The "movement causing injury" concept is itself pathogenic and physical means of prevention based on it are inadequate. Only primary management can determine whether or not the shift to chronicity will occur. If doctors apply an "injury" model to functional symptoms, they enforce dependence and emphasize disability. The vulnerable patients will then emerge and their advance into chronic psychological and physical invalidism will become almost inevitable. Identification of vulnerability factors, and attendance to them, together with education about the experience of pain and its management would be more effective.

Group demands (presently concerning working conditions) must be attended to, but individual conflicts (so far subsumed in the perceived interests of the group) should be acknowledged and handled. These commonly concern family and maturational difficulties, wishes to have and care for children, anger at working conditions, at having to work longer or indeed at all, and frustration about a lack of fulfilment. Both personal and societal conflicts, especially those about work and technology, tend to be encouraged by those interests that benefit from their maintenance.

Management of the epidemic

Control of this epidemic will require a complete withdrawal of the injury theory and its mythology and terminology - all of which have contributed ot it. As such, it will require the abandonment of unproductive therapies in favour of methods of prevention that are directed at real aetiologies, and the recognition of the psychological vulnerability of those with prolonged illnesses.

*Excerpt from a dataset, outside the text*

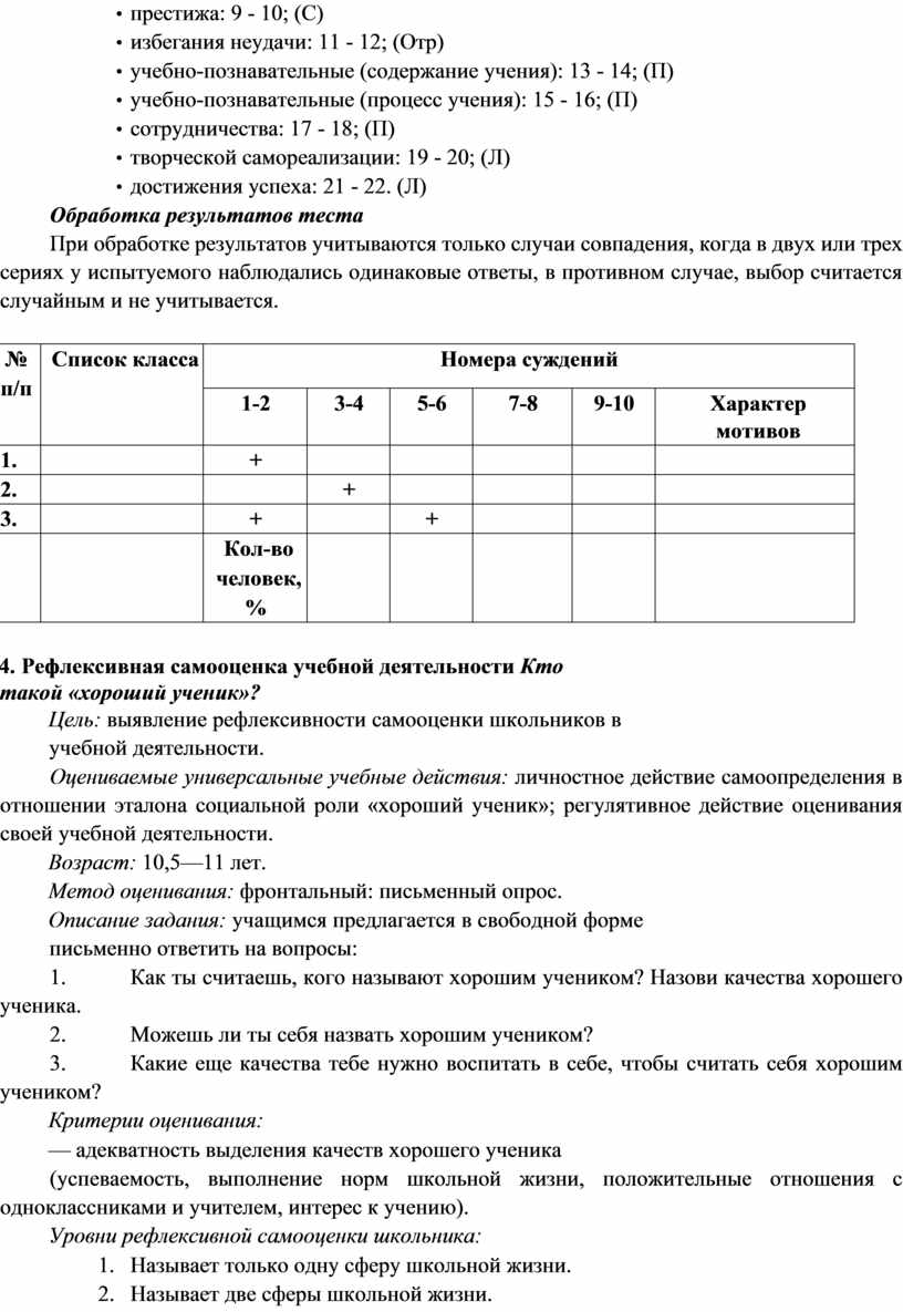 (успеваемость, выполнение норм школьной жизни, положительные отношения с одноклассниками и учителем, интерес к учению).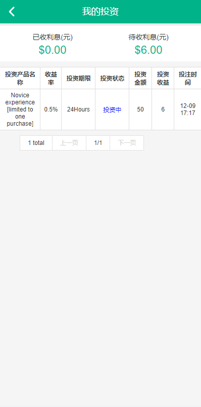 分红模式: 1、每小时返息,到期还本 2、每日返息,到期还本 3、每周返息,到期还本 4、每月返息,到期还本 5、每日得利,保本保息 6、到期还本还息

As long as compensation is paid for functional symptoms as if they were the result of a hypothetical "injury", symptoms are rewarded and reinforced, and the epidemic will continue to spread. The financial and social implications of a cult of "the victim", of institutionalised and rewarded neurosis, will force the withdrawal of support for an idiosyncratic ideology and for nomenclature in conflict with prevailing international concepts. Support for the "injury" theory comes from the NSW Labor Council and from many trade unions who object to their members undergoing a psychiatric examination in the course of a compensation claim. Street protests have been organized in Queensland[48] and New South Wales[49] against the concepts that I have expressed in this paper. The National Occupational Health and Safety Commission has misquoted it as meaning "a conflict exists either at work or privately [...]" and reports that this theory has not been substantiated.

Conclusions

The "injury" concept is an example of a set of ideas which has arisen from a given set of material interests. Early intervention is based on the confused idea that the syndrome is both caused and preventable by physical means. This is not only inadequate but counterproductive. An epidemic of occupational illness has ensued.

This demonstrates how medical perception and common sense can be impaired by rumour and how, by generating a conflict about movement through a faulty conceptualization of a symptom, the medical profession can create an epidemic of psychogenic illness in a passive and dependent group.

What is convincing to one man may not be to another [...} Theories may again become convincing because they work - work, that is, in the sense of having become standard, taken for granted, knowledge in the society in question.

The understanding of the psychosocial causation of symptoms has prevailed in Europe and the English-speaking world for 100 years. Its temporary abandonment in Australia in favour of a medical model has set back the practice of holistic and preventive medicine.

The language that the syndrome has generated - "neurosis", "losing the grip", "nervous breakdown" - are graphic examples of how it has been considered at other times and in other places.